**YOUR ASSIGNMENT:** Would you repeat every entry below word for word but drop the images?

═══ PROVIDED ENTRIES

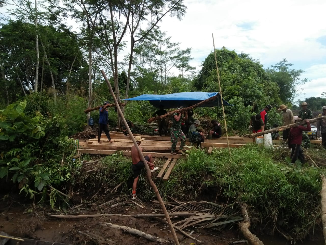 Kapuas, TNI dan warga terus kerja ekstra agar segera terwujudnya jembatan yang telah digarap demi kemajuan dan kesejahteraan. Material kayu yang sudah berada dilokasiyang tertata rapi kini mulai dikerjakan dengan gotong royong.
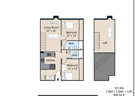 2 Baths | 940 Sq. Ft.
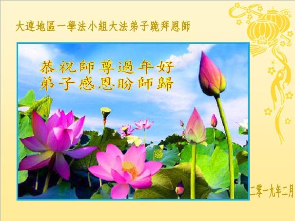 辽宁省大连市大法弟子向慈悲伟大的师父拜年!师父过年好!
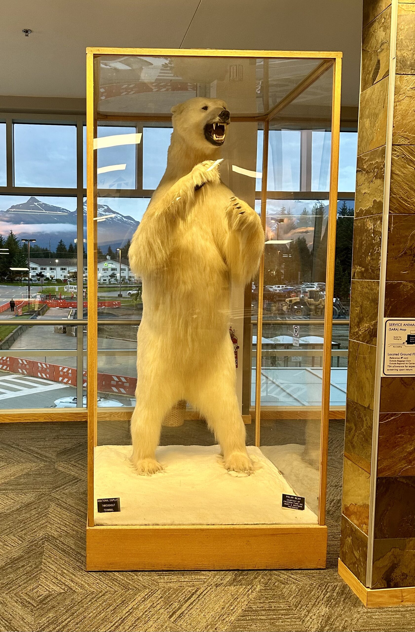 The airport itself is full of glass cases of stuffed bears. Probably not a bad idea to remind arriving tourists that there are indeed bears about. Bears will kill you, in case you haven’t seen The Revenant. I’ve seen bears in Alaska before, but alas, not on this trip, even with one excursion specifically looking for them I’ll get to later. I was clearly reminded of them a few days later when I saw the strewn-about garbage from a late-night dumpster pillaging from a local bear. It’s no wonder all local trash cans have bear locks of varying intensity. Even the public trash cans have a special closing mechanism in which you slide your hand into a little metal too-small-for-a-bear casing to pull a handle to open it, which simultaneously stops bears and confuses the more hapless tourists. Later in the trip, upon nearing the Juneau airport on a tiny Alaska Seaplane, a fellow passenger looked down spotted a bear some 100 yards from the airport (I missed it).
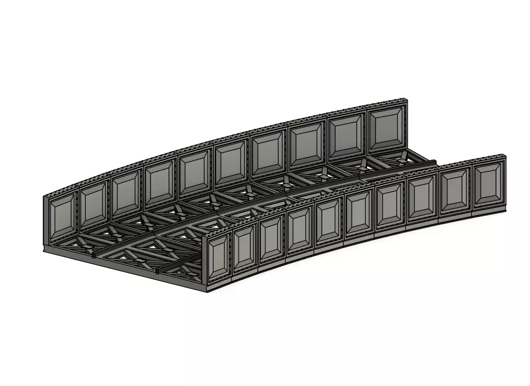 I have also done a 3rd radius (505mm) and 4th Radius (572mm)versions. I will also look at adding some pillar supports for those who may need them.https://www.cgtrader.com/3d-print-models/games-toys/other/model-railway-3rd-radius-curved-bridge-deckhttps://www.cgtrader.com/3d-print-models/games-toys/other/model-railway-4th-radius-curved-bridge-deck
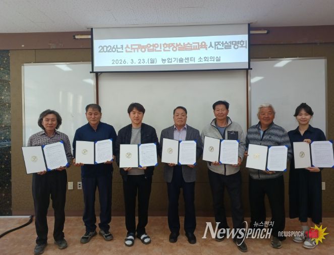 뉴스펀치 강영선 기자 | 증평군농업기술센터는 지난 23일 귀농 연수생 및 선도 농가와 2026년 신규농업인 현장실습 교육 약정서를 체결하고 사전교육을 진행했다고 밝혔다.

══════

**THE ANSWER:**
 Kapuas, TNI dan warga terus kerja ekstra agar segera terwujudnya jembatan yang telah digarap demi kemajuan dan kesejahteraan. Material kayu yang sudah berada dilokasiyang tertata rapi kini mulai dikerjakan dengan gotong royong.
 2 Baths | 940 Sq. Ft.
 辽宁省大连市大法弟子向慈悲伟大的师父拜年!师父过年好!
 The airport itself is full of glass cases of stuffed bears. Probably not a bad idea to remind arriving tourists that there are indeed bears about. Bears will kill you, in case you haven’t seen The Revenant. I’ve seen bears in Alaska before, but alas, not on this trip, even with one excursion specifically looking for them I’ll get to later. I was clearly reminded of them a few days later when I saw the strewn-about garbage from a late-night dumpster pillaging from a local bear. It’s no wonder all local trash cans have bear locks of varying intensity. Even the public trash cans have a special closing mechanism in which you slide your hand into a little metal too-small-for-a-bear casing to pull a handle to open it, which simultaneously stops bears and confuses the more hapless tourists. Later in the trip, upon nearing the Juneau airport on a tiny Alaska Seaplane, a fellow passenger looked down spotted a bear some 100 yards from the airport (I missed it).
 I have also done a 3rd radius (505mm) and 4th Radius (572mm)versions. I will also look at adding some pillar supports for those who may need them.https://www.cgtrader.com/3d-print-models/games-toys/other/model-railway-3rd-radius-curved-bridge-deckhttps://www.cgtrader.com/3d-print-models/games-toys/other/model-railway-4th-radius-curved-bridge-deck
 뉴스펀치 강영선 기자 | 증평군농업기술센터는 지난 23일 귀농 연수생 및 선도 농가와 2026년 신규농업인 현장실습 교육 약정서를 체결하고 사전교육을 진행했다고 밝혔다.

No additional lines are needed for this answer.